MATERIAL SHOWN section start

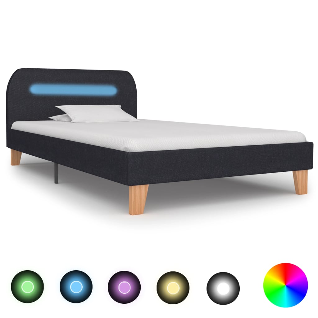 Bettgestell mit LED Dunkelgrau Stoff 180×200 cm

MATERIAL SHOWN section end
MATERIAL SHOWN section start

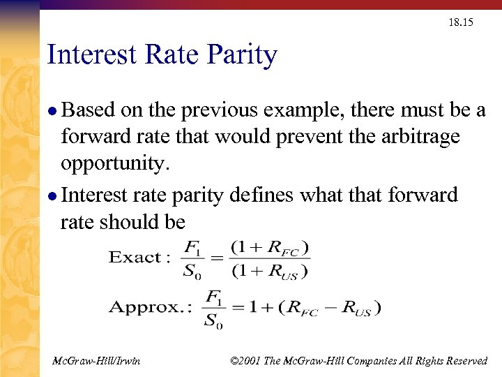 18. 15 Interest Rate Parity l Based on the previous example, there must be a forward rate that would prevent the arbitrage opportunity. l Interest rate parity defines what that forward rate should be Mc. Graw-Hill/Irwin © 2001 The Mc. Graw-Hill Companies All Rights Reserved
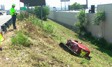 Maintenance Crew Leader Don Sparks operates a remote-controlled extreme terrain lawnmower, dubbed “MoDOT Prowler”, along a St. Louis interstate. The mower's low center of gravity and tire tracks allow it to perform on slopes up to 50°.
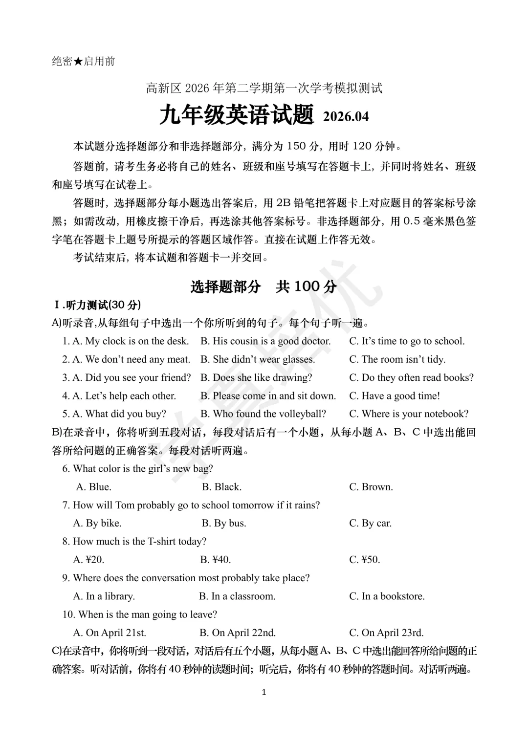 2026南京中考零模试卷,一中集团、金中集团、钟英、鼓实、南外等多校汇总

MATERIAL SHOWN section end

> _WORK ORDER_: Each line above starting at the one holding "Maintenance Crew Leader" and ending at the one holding "2026南京中考零模试卷,一中集团、金中集团、钟英、鼓实、南外等多校汇总" should be set down exactly as it stands, both ends included, with no pictures.

> _WRITTEN SOLUTION_:
 Maintenance Crew Leader Don Sparks operates a remote-controlled extreme terrain lawnmower, dubbed “MoDOT Prowler”, along a St. Louis interstate. The mower's low center of gravity and tire tracks allow it to perform on slopes up to 50°.
 2026南京中考零模试卷,一中集团、金中集团、钟英、鼓实、南外等多校汇总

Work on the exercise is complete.